Monsignor Benson highlights the first rest the Incarnate Son of God had experienced, especially since He began the public ministry:
Our Lord has just cried aloud that Sixth Word in which He proclaimed that there was finished at last that "Father's business" of which He had first spoken in the Temple. Now He droops His Head again little by little upon His Breast, and in the words that he had learned at Mary's knee -- words in which every Jewish child committed the care of his soul into God's care through the coming night -- He commits His spirit into His Father's hands. For the evening is drawing on and the Sabbath is near in which once more, God, having seen all that He has done, pronounces it "Very good" and rests from His labours.

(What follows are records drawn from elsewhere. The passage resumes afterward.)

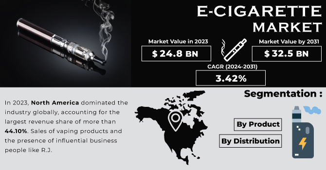 The E-Cigarette Market size was valued at $ 24.8 Bn in 2023 and is expected to grow to $ 32.5 Bn by 2031 and grow at a CAGR of 3.42 % by 2024-2031.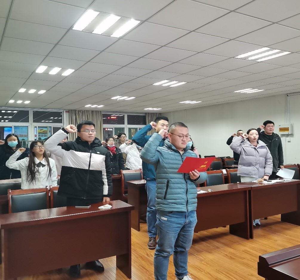 最后,成东升带领新发展预备党员面向党旗进行庄严的入党宣誓,与会党员重温入党誓词。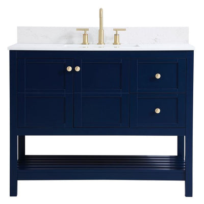 The subtle beauty of the Theo collection 42" vanity in a blue finish exudes comfortable luxury. Its modern, yet traditional beauty will surely dress up your bathroom or powder room without any fuss. The white stone countertop and porcelain undermount sink shows quiet opulence, and the legs support upright without fail. Gold hardware complements the trendy blue finish, with pulls adorning the two cabinet doors and two drawers, showcasing ample storage space within. Slated shelf allows for additional space to organize your towels. Whether this vanity is in your bathroom or for guests, its presence will surely elevate the aesthetics of your room. Comes with a matching backsplash to complete the look and protects your wall.
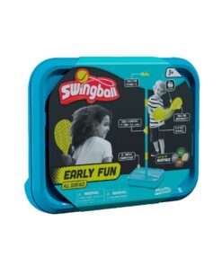 Mookie Early Fun Swingballis de perfecte introductie tot Swingball voor de kleintjes! Al het plezier van het klassieke Swingball spel, ontworpen met uw kinderen in gedachten. Early Fun Swingball wordt geleverd met een paal met een spinnertop, waaraan het touw bevestigd is, een veilige schuimrubberen bal en lichte tennisrackets die zijn ontworpen om door kleinere handen te worden vastgehouden. De basis is nieuw en verbeterd, met een geïntegreerd handvat voor gemakkelijk meenemen en een waterstop om morsen te voorkomen. De All Surface-basis heeft speciale voetjes voor een stabiele gameplay en kan worden omgevormd tot een handige draagkoffer. Swingball is niet alleen geschikt voor de achtertuin: dankzij de basis kun je overal en op elk oppervlak spelen. Vul gewoon de basis met zand of water en dan ben je klaar! Swingball is een geweldige manier om hand-oog coördinatie te ontwikkelen. Gemonteerde afmetingen: 46,6 x 35,6 x 9,6 cm. Geschikt voor kinderen vanaf 3 jaar.
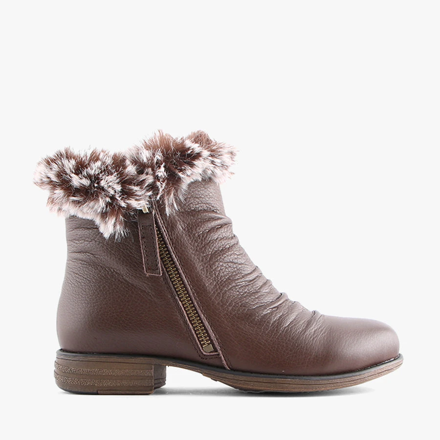 Jansen by Natural Comfort is a women’s boot that features dual functioning zips, soft micro suede lining and a statement faux fur collar.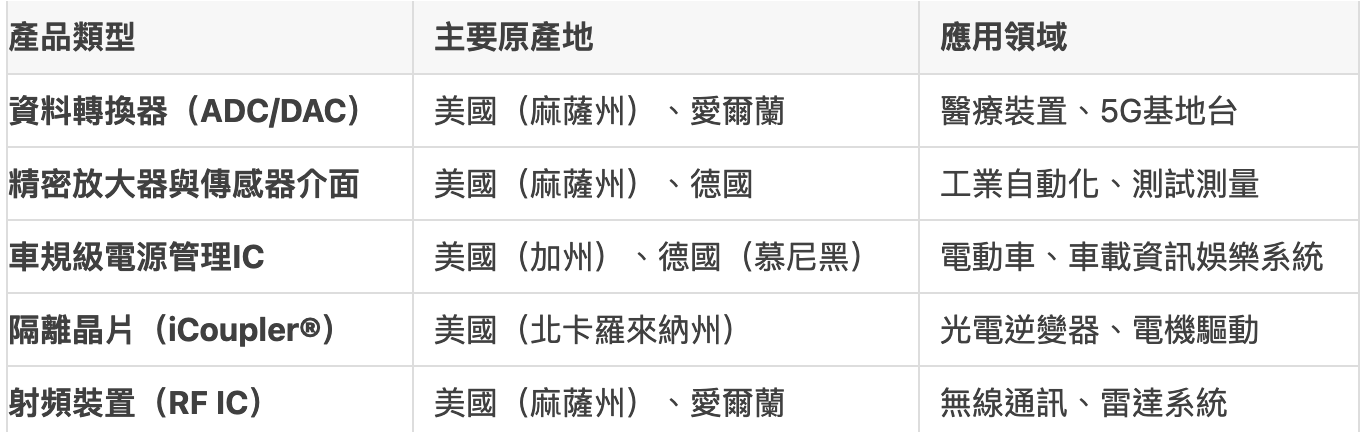 - 產品:高效能類比、混合訊號與數字訊號處理技術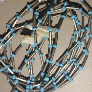 Vintage Fetish Multi Strand Necklace Turquoise Silver 925 Bead Mother Of Pearl

I. The thought of this Peace of Death into which our Divine Friend is passing is one of the most moving considerations of the Passion. He has been about His work for thirty-three years; and not for one instant, since He first drew mortal breath in the frosty stable of Bethlehem, has He ever yet truly rested. Even while He slept His Heart waked.

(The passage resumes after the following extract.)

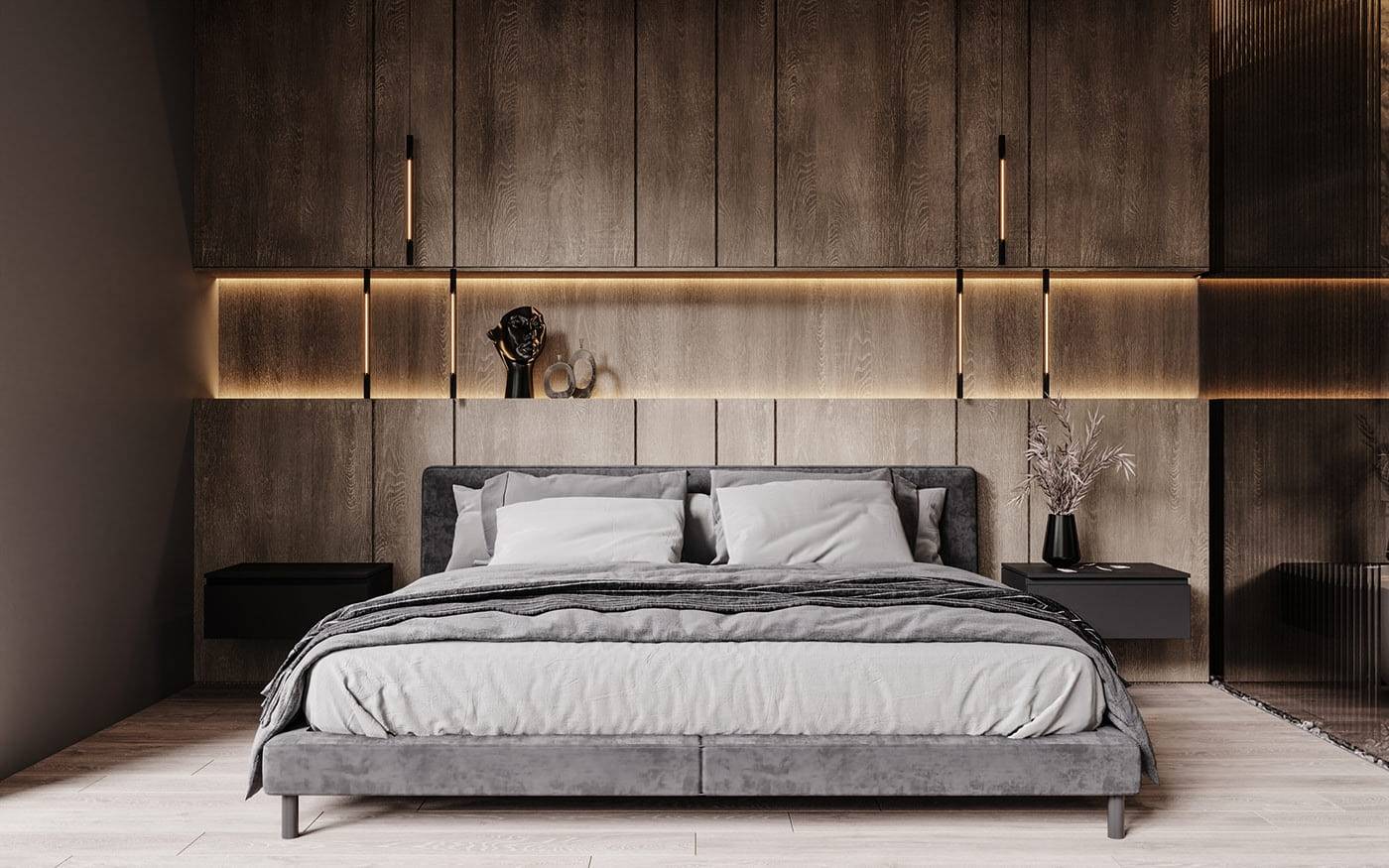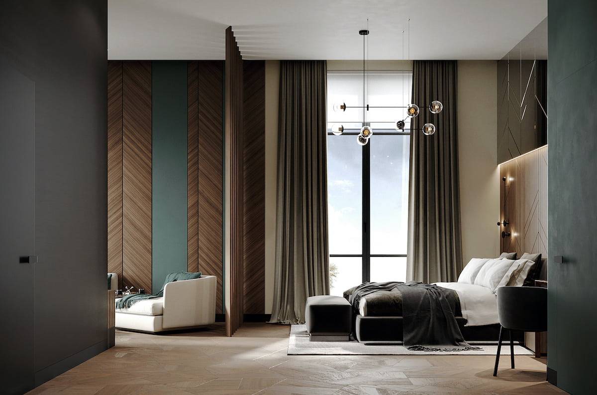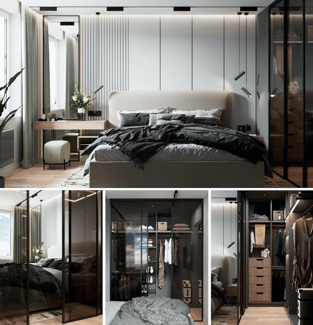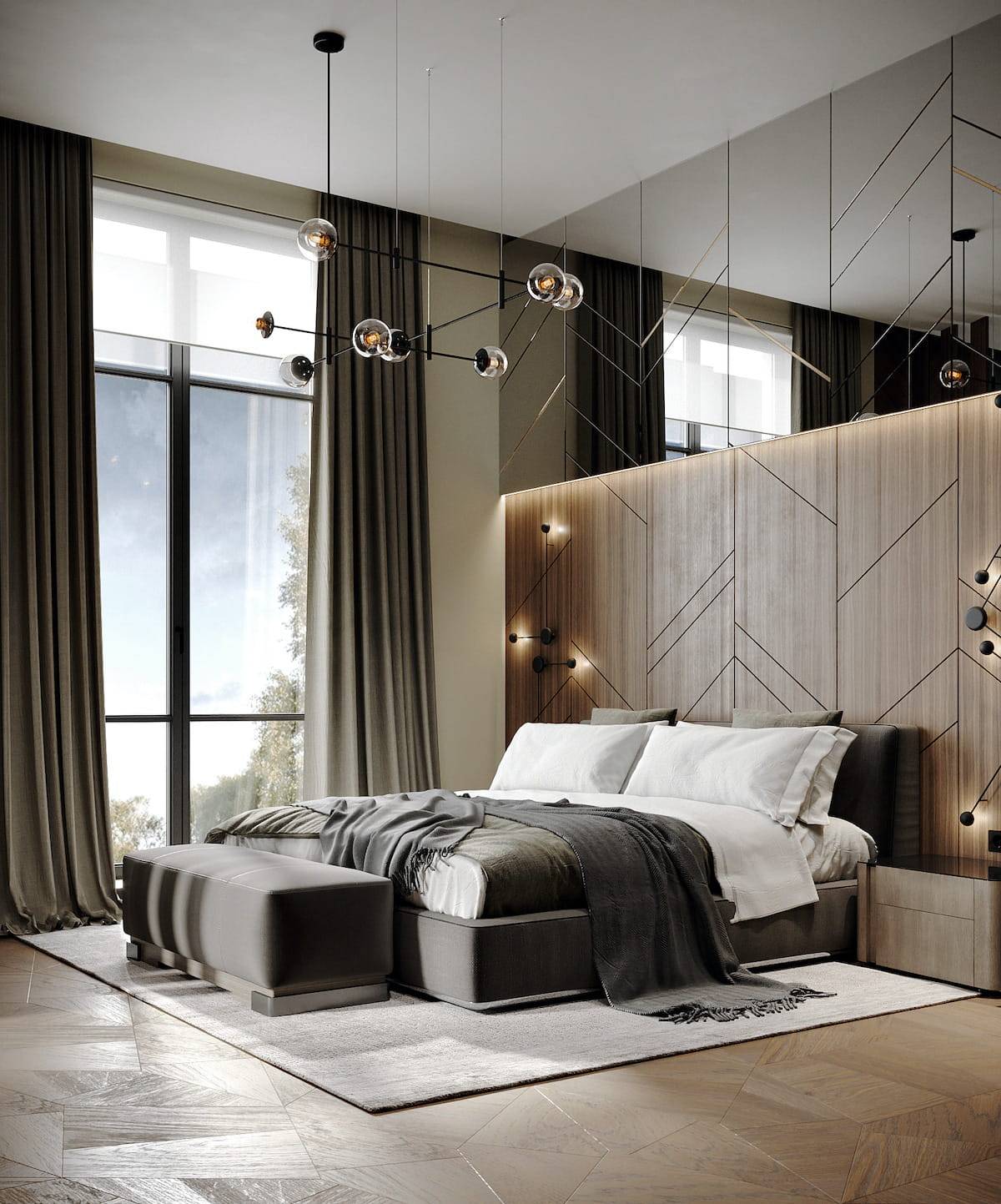 При оформлении стен могут быть применены любые инновационные материалы, но нельзя забывать, что в дизайн спальни 2021 – это сплошной уютно. Конечно, фанаты хай-тека могут проявить техническую фантазию, если это по душе обоим супругам, которые живут в комнате. На фоне легких серых оттенков стен будет хорошо смотреться выбеленное дерево пола, натуральные текстильные акценты изо льна или шёлка.

How many times do we read in the Gospels how Jesus responded to the needs of His people, even when trying to get some rest, some time to go away from the crowds with the disciples, or have some time for prayer?!

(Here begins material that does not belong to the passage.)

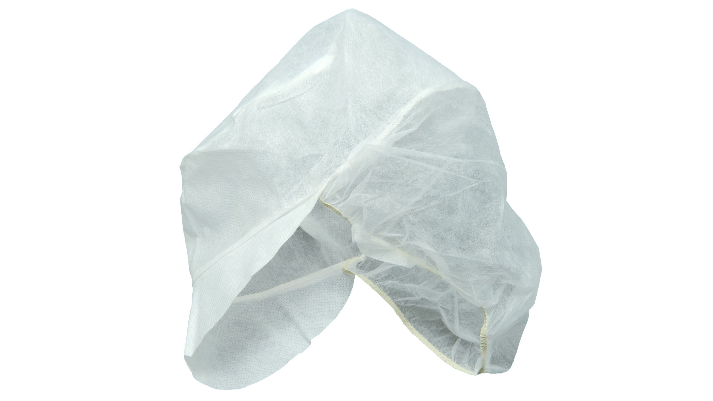Schild-Mützen SIR aus starkem, waschbarem, weissem Non-Woven-Vlies. Praktische, bequeme Kopfbedeckung, geeignet für jede Kopfgrösse, optimaler Hygiene- und Nackenhaar-Schutz.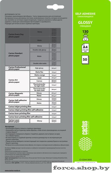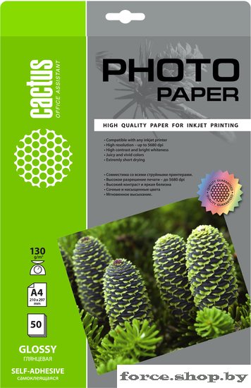 Фотобумага CACTUS Глянцевая A4 130 г/м2 50 л

How utterly then has He earned His Rest! And at last He is to find it. The Soul through which such strong agonies have passed, is to sink into that peaceful place of refreshment and light where the souls that have served God according to their graces are awaiting that First Advent of their Redeemer. The Body that has borne so great a burden and heat of the day, that has been wearied with labours, and bowed down by sorrows -- and, at last, has been beaten, pierced and broken by the hands of those for whom such labours were borne -- this Body of His is to be laid in the cool rock-tomb, with wrappings of soft linen, soaked in spices and myrrh, to await once more the inbreathing of the Divine Energy which again shall pass through every vein, sinew and muscle, transforming each utterly back again to the unmarred Divine Image, in which, once again, now no longer subject to any law of limitation or weariness and waste, the Soul that can never sorrow again, shall eternally rejoice. Our Friend sleeps at last.
Monsignor Benson applies this sleep of peace to our mortality:
It is this for which we look at death -- the one hope that reassures and reconciles us to that violent cessation of activities which is to an energetic and vital soul the chief imaginative horror of death. It is even sometimes (so great is its attraction) -- we might almost say that it must be -- for every soul that is really taking part in the conflict of life, the chief attraction of death. For life must become from time to time an all but intolerable strain -- not only is there that weariness of body which arises from its incapacity to rise always to the demands of the soul; but there is that further weariness of soul arising from its effort to respond always as it ought, to the excitations and demands of grace. . . .
In the midst of our struggles, Benson urges us to find peace, "the Peace of God that passes all understanding" (Philippians 4:7) in the only place it can be found:
And it must come from one thing and one thing only, namely, a perfect balance in the environment for which our souls were made -- not as of a bird sleeping on the water, but of a bird poised in the air -- a perfect response, that is to say, on the part of our loving and lovable nature to the one adorable Nature which alone can support and can understand us -- in a word, that Peace can alone be found in that of which we have been treating throughout, in an intimate, intelligent, affectionate and voluntary Friendship with Christ, who made us for Himself, and designed His own Incarnation that the union might be complete.
That's why in the midst of our solemn celebrations of Holy Week, as we participate in those liturgies, we can't be morbid or bleak.
Death is no longer frightful; and Life is no longer burdensome.